■ Raw data ■

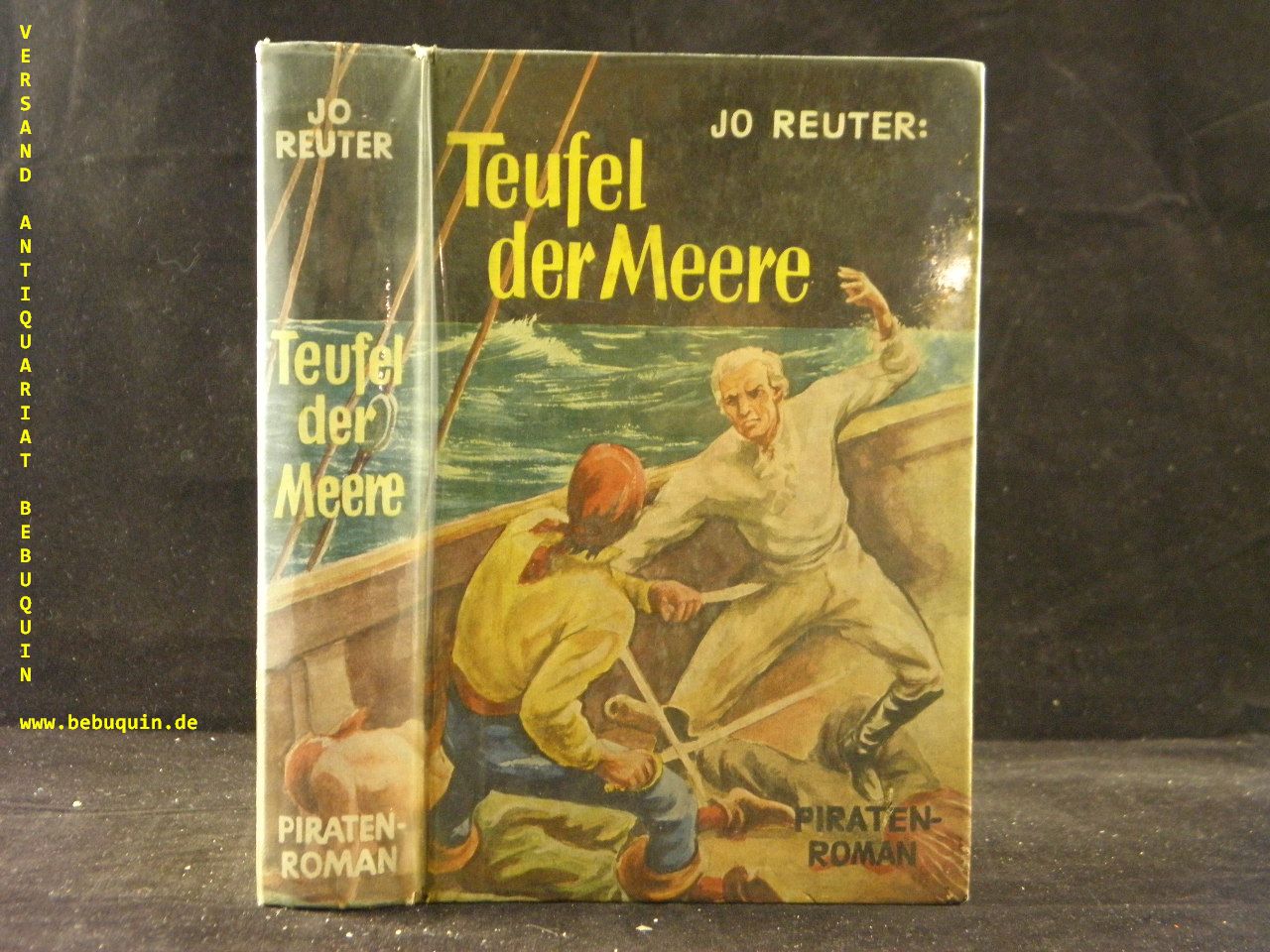 REUTER, Jo: Teufel der Meere. Piratenroman. Kaiserslautern (Skorpion), 1952. 256 S. farb. ill. OPb. mehrfach gestempeltes Leihbuch. EA. Indiziertes Leihbuch *1957!
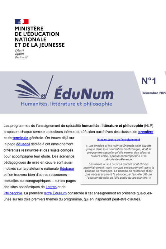 La lettre ÉduNum Humanités, Littérature et Philosophie n°1 recense un certain nombre de scénarios pédagogiques en lien avec les différents thèmes de cet enseignement de spécialité en classes de première et de terminale. Co-écrite par des professeurs des deux disciplines, elle présente à part égale les contributions de chacune d’elles à ce co-enseignement.
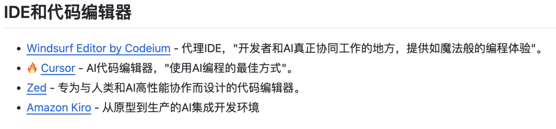 包括最为火热的 Cursor、Windsurf、Zed 等。

■ What is required ■
From the first line to the last, retype the data exactly, but omit every image.

■ Your solution ■
 REUTER, Jo: Teufel der Meere. Piratenroman. Kaiserslautern (Skorpion), 1952. 256 S. farb. ill. OPb. mehrfach gestempeltes Leihbuch. EA. Indiziertes Leihbuch *1957!
 La lettre ÉduNum Humanités, Littérature et Philosophie n°1 recense un certain nombre de scénarios pédagogiques en lien avec les différents thèmes de cet enseignement de spécialité en classes de première et de terminale. Co-écrite par des professeurs des deux disciplines, elle présente à part égale les contributions de chacune d’elles à ce co-enseignement.
 包括最为火热的 Cursor、Windsurf、Zed 等。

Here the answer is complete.